The Public Trust ceased the application for variation of the trust objectives but took up the application to validate the sale of the properties. This application proved controversial with a number of parties opposing. The sale was later approved after the terms had been amended.
The appellants, who had commenced the application and had subsequently assisted the Public Trust, applied to be indemnified for their costs. This was rejected by Gendall J on the basis that they either had ceased to be trustees or were invalidly appointed. The Public Trust was entitled to recover its costs but all other costs were to lie as they fell.
The out of pocket non-trustees appealed to the Court of Appeal under the general jurisdiction in equity. The Court of Appeal agreed.

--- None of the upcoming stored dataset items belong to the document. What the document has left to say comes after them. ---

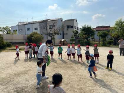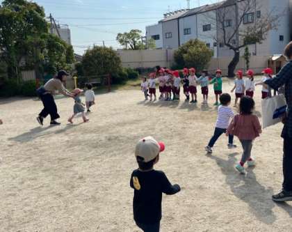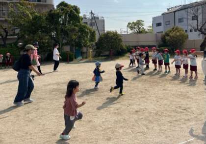 あか組さんがゴールで待っていて、「おいで!」と呼んでくれていました。未就園児さんも元気いっぱいに走っていました。「ぎゅーとしてくれました」と喜んでくれた未就園児さんもいました。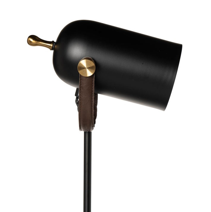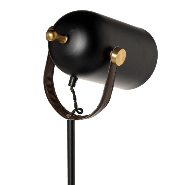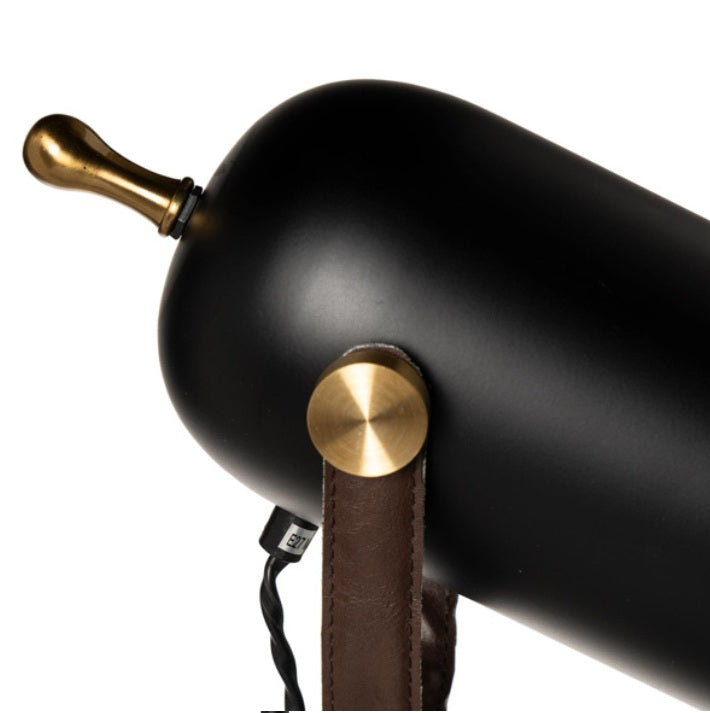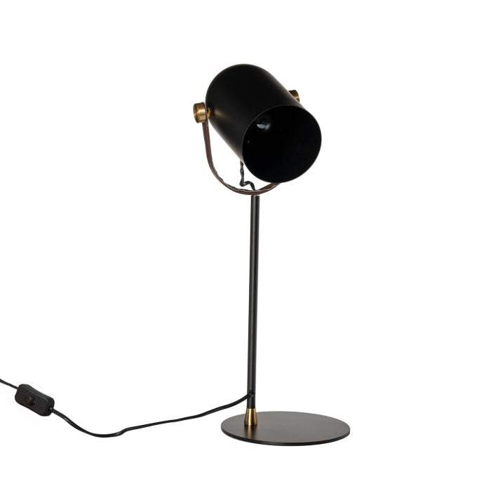 Lampă de masă metalică cu o adâncime de 25 cm și o înălțime de 58 cm.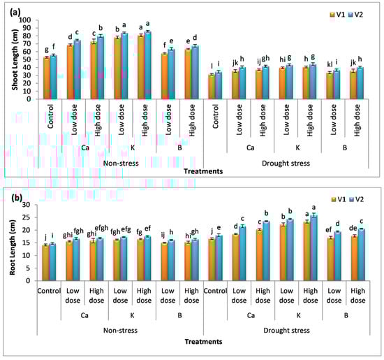 In this study, two durum wheat varieties, i.e., Preco (V1) and Kronos (V2), have been used. The data were analyzed statistically and it was observed that the application of nutrients increased the shoot length of the plants (Figure 1a–f). The percentage increase in shoot length with the low dose of Ca, K, and B was 29%, 47%, and 9% in V1 and 33%, 50%, and 13% in V2, respectively. The percentage increase in shoot length with a high dose of these nutrients was recorded as 38%, 52%, and 19% in V1 and 43%, 53%, and 21% in V2, respectively. Drought stress affects the vegetative growth of both varieties of durum wheat (Figure 1a–f). The percent decrease in plant height was 31% and 38% in V1 and V2, respectively. The exogenous application of Ca, K, and B showed ameliorative potential and enhanced plant growth significantly (p < 0.05). The percentage increase in shoot length with the application of a low dose of Ca, K, and B was 13%, 26%, and 6% in V1 and 19%, 27%, and 7% in V2 compared to untreated (drought exposed) plants. The high dose of these nutrients further increased the shoot length by 18%, 29%, and 14% in V1 and 22%, 30%, and 18% in V2, respectively, compared to their control plants. Drought stress also increased the root length of durum wheat so that the plants absorb water from deeper layers of soil. The maximum increase in root length was reported in plants receiving K as a supplement, i.e., the percentage increase was 35% and 43% with a low and high dose of K, respectively.

As observed in the judgment of Kós P, the farm properties were loss making and almost insolvent. The purported trustees had entered into the transaction in good faith, not realising their respective disabilities to act.
The decision is interest as the trustees were considered to be “trustee de son tort” As noted at  The expression “trustee de son tort” is an archaic law French description for a de facto trustee under an institutional constructive trust. Lord Millett described a trustee de son tort as a person though not appointed as trustee who takes it upon himself to act as such and to discharge the trustee’s duties on behalf of others. Such a trustee is said to closely resemble an express trustee. Indeed Lord Millett called them “true trustees … fully subject to fiduciary duties”.12 That is important because some of the incidents of express trusteeship may then apply to an honest de facto trustee.

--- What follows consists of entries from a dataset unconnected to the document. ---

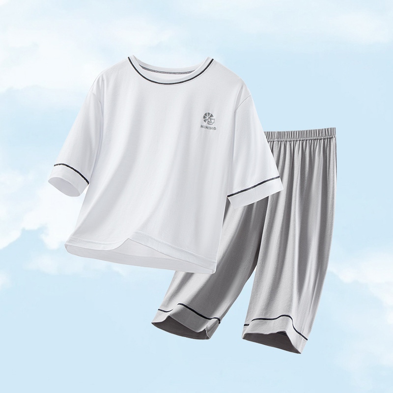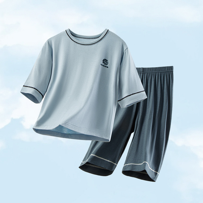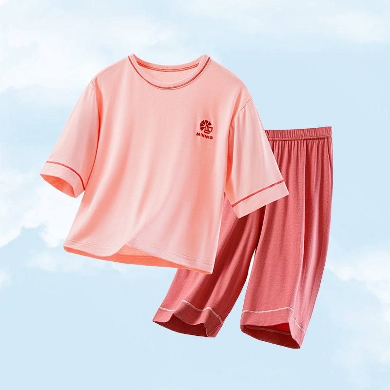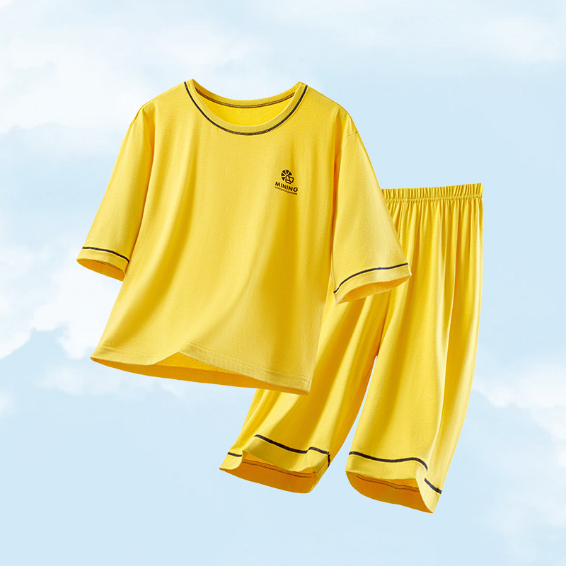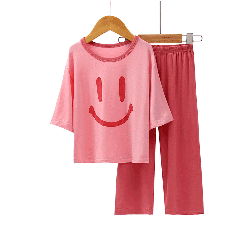 모달 어린이 잠옷 여름 얇은 아기 에어컨 의류 소년 가정 옷 여름 세트 소녀 스마일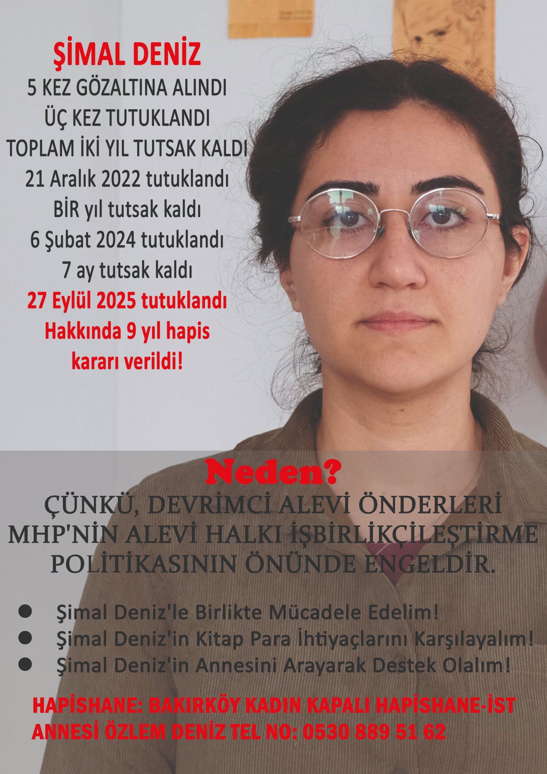 Son olarak 27 Eylül 2025’te tekrar tutuklanan Şimal Deniz hakkında 9 yıl hapis cezası verildiği belirtildi.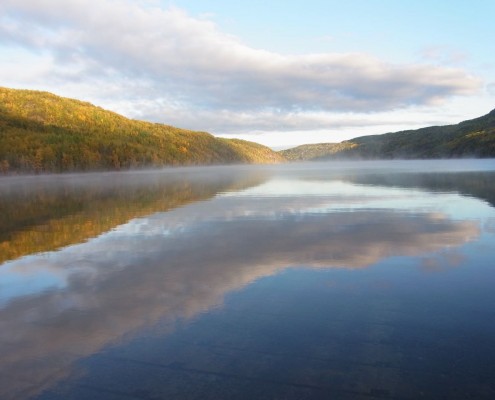 We wanted to take advantage of the latest break in rain by doing another hike on the Kenai Peninsula. The Siklak lookout tour looked to be a good option at least in length. Since we can’t really buy a hiking guide for every region we visit we often have to take what comes along not really knowing much about the hike or the area. This time however we really got lucky. The hike was wonderful, it followed the edge of a hillside overlooking Siklak lake up to the top of a hill with a spectacular view of the area. The path meanders through tall stands of Fireweed that this time of year is full in seed almost like dandelions. With every breeze the air is filled with the seeds almost as though it was snowing. The whole hike overlooks the turquoise waters of the lake; surrounded by snow-covered peaks. It was absolutely fantastic! The higher we climbed the more the amazing panorama unfolded until we are presented with an almost indescribably beautiful view of the entire area. The icing on the cake of our hike was the golden hues of the late afternoon sun creating rainbows as rain showers drifted by on the other side of the lake. We were rather lucky where we were as the rain did not come to our side, that and we had front row seats for the nature show. To top off the day we found another free campground (No Service, No Fees) at Hidden Lake where we set up our camp for the night. The temperatures were starting to regularly dip below freezing during the nights now and as we climbed out of the Land Rover we could see steam rising from the lakes waters into the cold morning air.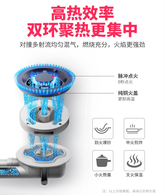 自主研發(fā)設(shè)計雙環(huán)純銅節(jié)能高效燃燒器,額定熱負(fù)荷達(dá)到5.0kW,突破火力臨界點,遠(yuǎn)超國家一級能效標(biāo)準(zhǔn)。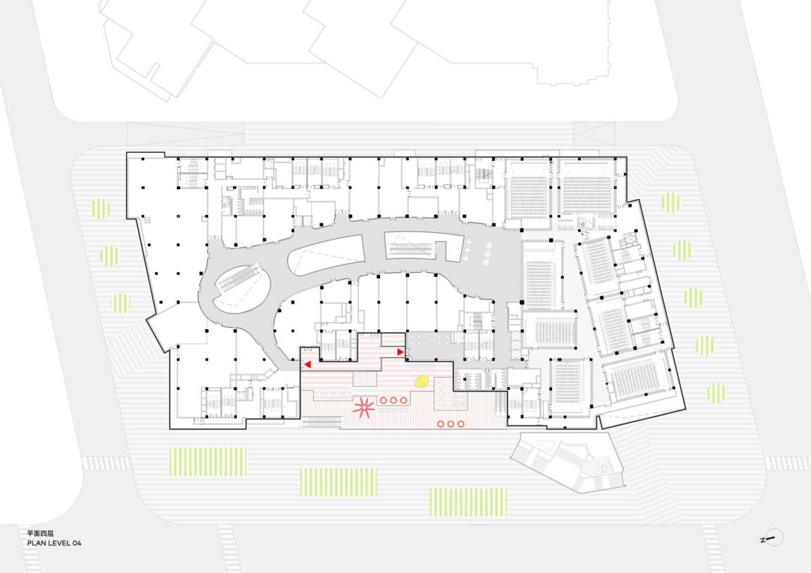 In its predominantly community retail function, the shopping centre serves as a civic node for the newly-developed vertical neighbourhood in need of collective facilities and public spaces.

While the term trustees de son tort was correct, the common assumption that it refers to a meddler in trust affairs was not the case. It was apt to describe their position as an intended express trustee whose appointment had failed. They had many of the fiduciary duties of duly appointed express trustees and for this reason the term and “some of the incidents of express trusteeship may then apply to an honest de facto trustee”.
It was agreed that the appellants could not rely on indemnity under the terms of the Trust Deed. This applied only to an express trustee. The Court did muse that costs could have been awarded under s 71 of the Trustee Act 1956, but decided it was unnecessary to use this provision, which permitted applicants are not strictly limited to express trustees.

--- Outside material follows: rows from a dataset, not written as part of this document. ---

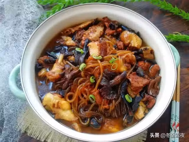 7.到時間後下入榛蘑,繼續燉20分鐘,到時間後,下入粉條,鹽,翻炒均勻,大火收汁即可。
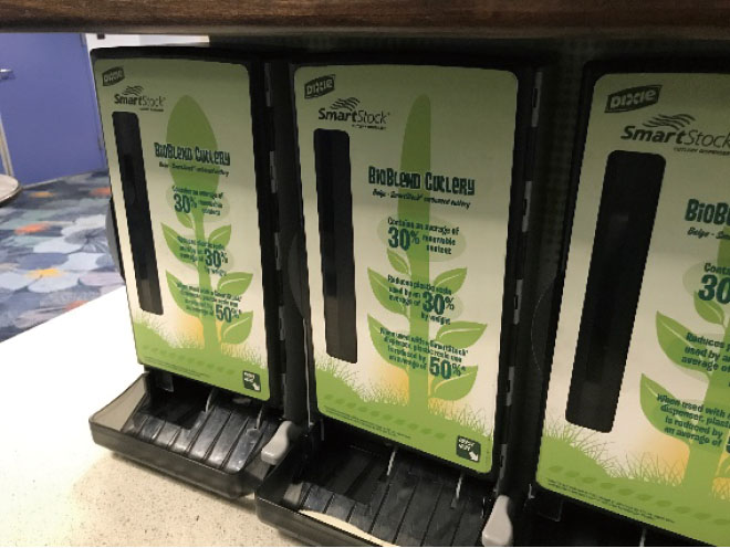 上面写着减排等字样的设计,从中可以理解到在环境保护等方面很用心。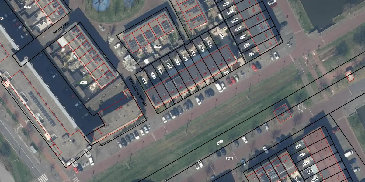 Gebruik de zoekbalk of klik op een perceel voor informatie over de adressen binnen dit perceel.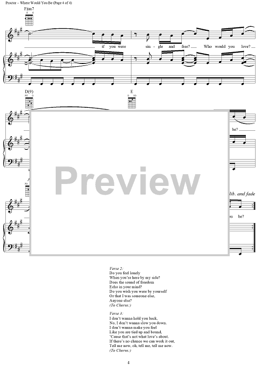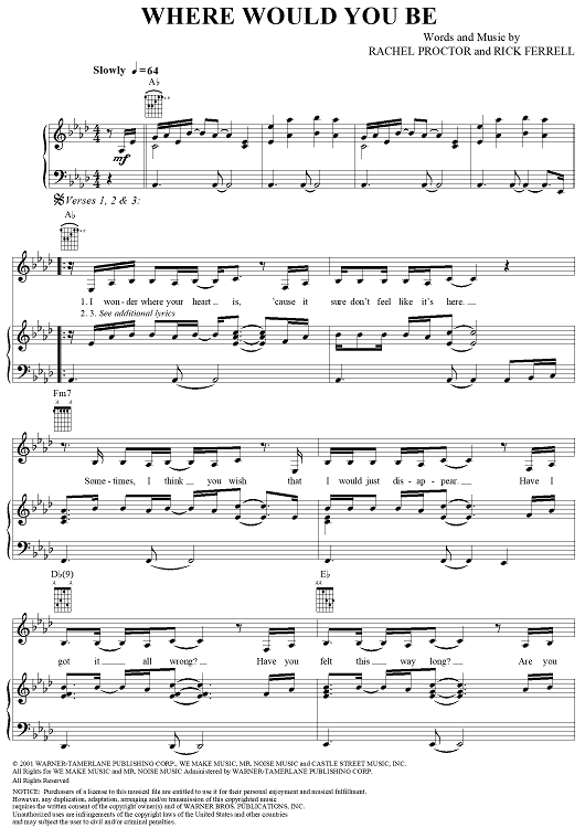 Digital Sheet Music for Where Would You Be by Martina McBride, Rachel Proctor, Rick Ferrell scored for Piano/Vocal/Chords; id:293384

Kós P went on to find that “It is one of the fundamental rights of an honest express trustee that costs and expenses properly incurred in the administration of the trust are compensable out of the assets of the trust… The proposition is so fundamental that it need not be justified.” The right was to indemnification for reasonable costs – not an award of indemnity costs. It was open to former trustees to claim such costs from their successors, or else from the court. He also observed that the same applies to constructive trustees, acting reasonably and in good faith, when they incur costs in administering a trust on a de facto basis.
- Butterfield v Public Trust  NZCA 367
- Pearce v Pearce (1856) 22 Beav 248, 52 ER 1103
- Lynton Tucker and others Lewin on Trusts (19th ed, Sweet & Maxwell, London, 2015) at [42-01].